Is the milker a pulse milker? Have you tried milking by hand? If so... are you pulling on the teats or squeezing? Most people do not separate overnight until the kids are two weeks old. What is your “procedure” when milking? Are they getting grain? Do they have free choice loose mineral? Hay and water all the time?


----------



## Natalia Richards (Sep 29, 2020)

The Milker worked the first day. And it has been able to extract some drops from the udders. They have a very good feed, corn and sweet feed. In the proper amounts. They also have for treat good scratch seed combination. My osteoarthritis makes it very hard to milk by hand although years ago I was able to milk by hand. 
And the kids were only separated from 9am to 11:30 AM in the morning. I also thought they were to young to be separated all night.


----------



## goatblessings (Jan 6, 2015)

What kind of hay are you feeding? Milking does need lots of calcium.


----------



## Sfgwife (Feb 18, 2018)

Natalia Richards said:


> The Milker worked the first day. And it has been able to extract some drops from the udders. They have a very good feed, corn and sweet feed. In the proper amounts. They also have for treat good scratch seed combination. My osteoarthritis makes it very hard to milk by hand although years ago I was able to milk by hand.
> And the kids were only separated from 9am to 11:30 AM in the morning. I also thought they were to young to be separated all night.
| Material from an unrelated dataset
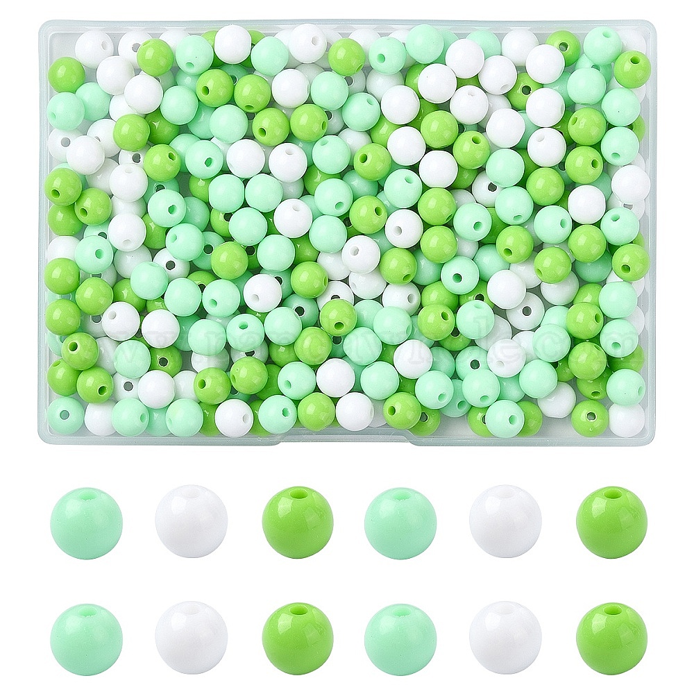 • Зеленый газон 300 шт 3 цвета непрозрачные акриловые бусины, круглые, зеленый газон, 8x7 мм, отверстие : 2 мм, 100 шт / цвет

Ok what specific brands of feed? How much? Corn is not so great to add in the diet. Does need quite a bit of good calories and calcium rich things for milk making.

Scratch seed combo?

Is the milker a pulse milker or continuous suction type?


----------



## Natalia Richards (Sep 29, 2020)

Sfgwife said:


> Is the milker a pulse milker? Have you tried milking by hand? If so... are you pulling on the teats or squeezing? Most people do not separate overnight until the kids are two weeks old. What is your "procedure" when milking? Are they getting grain? Do they have free choice loose mineral? Hay and water all the time?





Sfgwife said:


> Ok what specific brands of feed? How much? Corn is not so great to add in the diet. Does need quite a bit of good calories and calcium rich things for milk making.
> 
> Scratch seed combo?
> 
> Is the milker a pulse milker or continuous suction type?


my three does get only a half a cup of cracked for mixed with the regular goat feed for the three of them. It's not the main course. I know the corn by itself is not nutritious. They also get fresh hay everyday and Bahia Argentinian grass growing fresh in their enclosure.

Is the milker a pulse milker or continuous suction type?[/QUOTE]as to what kind of milker; the description in amazon say it's a vacuum pump? I hope that helps.

How much? Feed? 
Aside from the fresh Bahia Argentinian fresh grass and hay, each doe also get 1 1/2 cup of the special goat feed, 1 1/2 cup of the sweet stuff for the three of them and the half a cup of cracked corn. All mixed together before we feed it to them. This blend is given to them in the morning and evening.

My question now is: Do I need to separate the kids from the does longer that the time I mention from 9am to 11:30 am? 
Should I wait until they are at least two weeks old? How many hours should I keep them separate? Before milking the does? 
Thank you for your help.


----------



## Nigerian dwarf goat (Sep 25, 2017)

No alfalfa? If not definitely get some for them

The one cup per day for a FF nigi is quite normal. People rave (weed em and reap) about the nigis and their milk production, and bla bla bla, but truth is that they are a mini breed and a good preforming nigi doesnt stand a chance against a good preforming full breed, and due to this info and lack of research from new goat owners, they are left discouraged and disappointed by the results that they dont get a full gallon of milk a day from 2 goats, but instead, if your lucky, just a few cups. 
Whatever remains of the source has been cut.